PROVIDED MATERIAL:
== Segment start ==

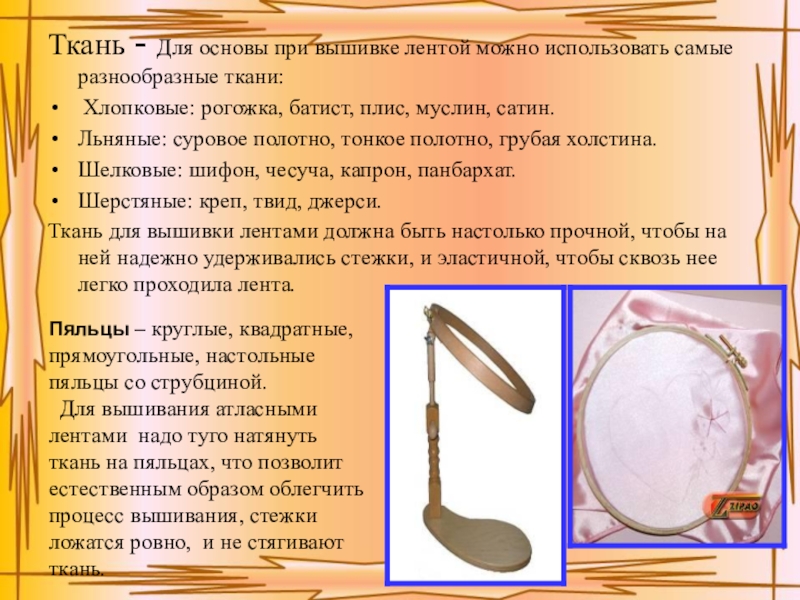 Слайд 19Ткань - Для основы при вышивке лентой можно использовать самые
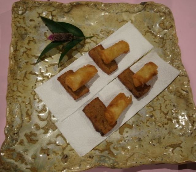 南瓜春卷, 想不到很好吃. 下面一片餅, 小小甜, 好吃但吃不出有什麼 :question2: , 好像有點金棗.
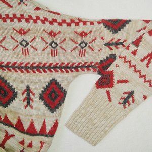 Artery designed Aztec cardigan from PacSun and Roxy. Native-inspired boho patterning with eye-catching red, cream, and black motif. Wonderful for chilly afternoons at home, for huddling around a fireplace, or throwing on top of an outfit for added coziness.

== Segment end ==

TASK TO CARRY OUT:
Please restate the whole listing exactly, without any of its pictures.

TASK ANSWER:
 Слайд 19Ткань - Для основы при вышивке лентой можно использовать самые
 南瓜春卷, 想不到很好吃. 下面一片餅, 小小甜, 好吃但吃不出有什麼 :question2: , 好像有點金棗.
 Artery designed Aztec cardigan from PacSun and Roxy. Native-inspired boho patterning with eye-catching red, cream, and black motif. Wonderful for chilly afternoons at home, for huddling around a fireplace, or throwing on top of an outfit for added coziness.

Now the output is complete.